You have a current source, not a voltage source
If you look at the label you will notice that current is specified precisely (600mA) and voltage is specified as a range (16v-28v). You will also notice that the drawings on the label show a single current loop and specify 7 3-Watt LED's in series.
That you provided this equation indicates that you are confused about the difference between the two types of sources:
$$R=\frac{V_{Driver}-V_{LED} \times 7}{I_{LED}} = \frac{35\ V-3.7\ V \times 7}{0.7\ A} = 13\ \Omega\ $$
In your equation, you cannot know the value of $$V_{Driver}$$ as it is determined by the network (it's somewhere between 16 and 28 volts if an acceptable load is attached). Only the current value is constant in the normal operating condition.
Some background
A voltage source presents a single output voltage, no matter what you connect to it. To make that a true statement it will output any current the load wants up until it is incapable of outputting any more (current-limit or failure). Most people are familiar with this behavior as it is intuitive and commonly encountered.
A current source will attempt to output a constant current no matter the load attached to it.

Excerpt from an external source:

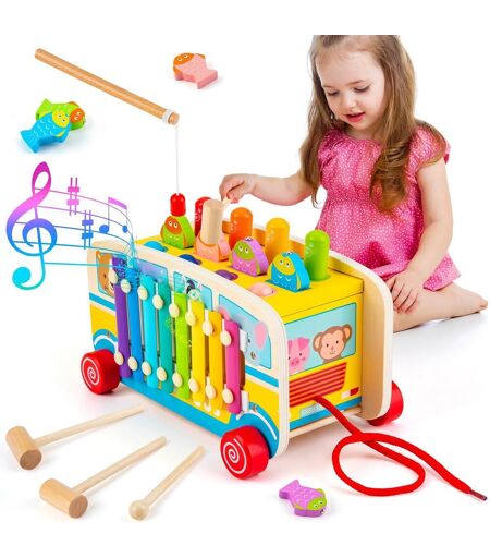 [4-in-1 wooden toy]This 1-year Montessori offers 4 game modes: typing the mole, pulling the car-bus toy, playing xylophone and fishing. Interesting shapes capture children's attention, and bright and bright colors can also stimulate their color perception and contribute to cognitive development.[Safe and durable]Educational games for 3 years and older. The 2 year montessori is made of natural wood and water-based paints, ensuring safety and durability. In addition, it has been polished in several layers, with smooth edges and solid structure, so that children can grab and play easily.[Parent-Child Interaction]Montessori 1 year old toy is the ideal choice for spending leisure time with parents and sharing the child's growth. It promotes parent-child interaction and allows you to enjoy happy family time with your child. It is an ideal motor skills toy for kids and a great choice of activity and development toy for kids 3 years and up.¿[GIFT IDEA] The mole taupes game can help the development of hand-eye coordination, while fishing helps to promote fine motor skills. Playing a wooden xylophone promote the exploration of simple musical concepts. The Montessori 2 year old games is a great gift for boys and girls 3 4 5 6 7 years, and suitable for any occasion such as birthdays, children's day, Christmas, Halloween and Thanksgiving.[Worry-Free Purchase]12 months worry-free warranty; This is a totally risk-free purchase; If you encounter any doubts or dissatisfaction when using Montessori 2 year game, please feel free to contact us.Warning:Strangulation hazard. ...
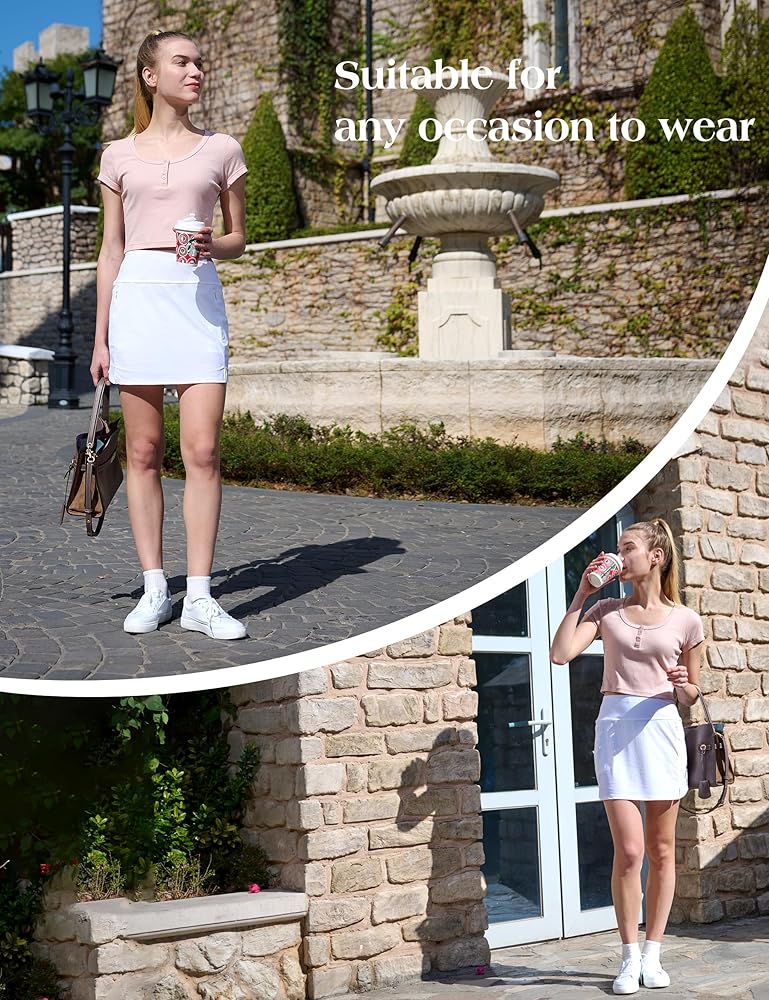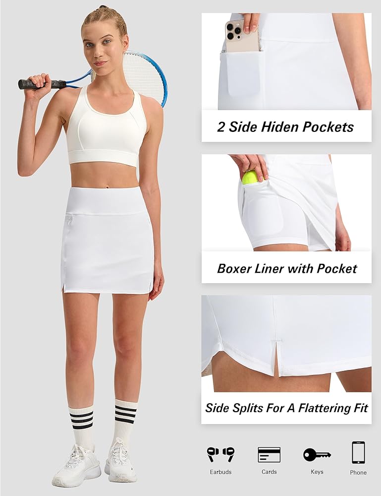 Multiple Pockets: Includes two external zipper pockets on the skirt and two internal pockets on the shorts, providing convenient storage for your phone, cards, or keys—freeing your hands during workouts

It will do this by adjusting the output voltage until it either can raise it no further (limit of it's upward adjustment range) or lower it no further (it will produce insufficient voltage to operate itself and shutdown).
This works via Ohm's law (V = I R) such that increasing the voltage will increase the current flowing and decreasing the voltage will decrease the current. The system is active and senses it's output current (while adjusting its output voltage) until the output current equals the number printed on the label (in this case 600mA).
If nothing (or too little load) is attached, it will output it's maximum voltage as it keeps trying to increase voltage to get increased current... and vice versa if too much load is attached.
Driving LED's
If your LED's are connected as parallel strings of series lights, they will need to be driven by a voltage source. This configuration is cheaper to design and build, but more difficult to install and subject to greater line losses as the LED strings get bigger (since you need to bring the full voltage of the power supply all the way to the end of the line).
If your LED's are connected in series (one to the next), then the same current that drives one light will drive the next. This configuration is used in most higher-end architectural lighting. You use a current source to ensure that no matter how many lights are on the string, the current output remains the same. The advantages are that you can easily add lights to existing strings without worry. The fact that current flows through all lights ensures that voltage losses in the line are minimal (most efficient power distribution). And, LED light output is proportional to current so a current driven approach best ensures uniformity of light output.
There are some limitations however. Current drivers are more expensive as they are produced in lower quantities and have to be matched to the exact fixtures being used. The fixtures must all be the same so that they have the same light-to-current relationship and will not be too dim (or burn up) under the constant current value applied. Series wiring of light fixtures is inconvenient in some installations.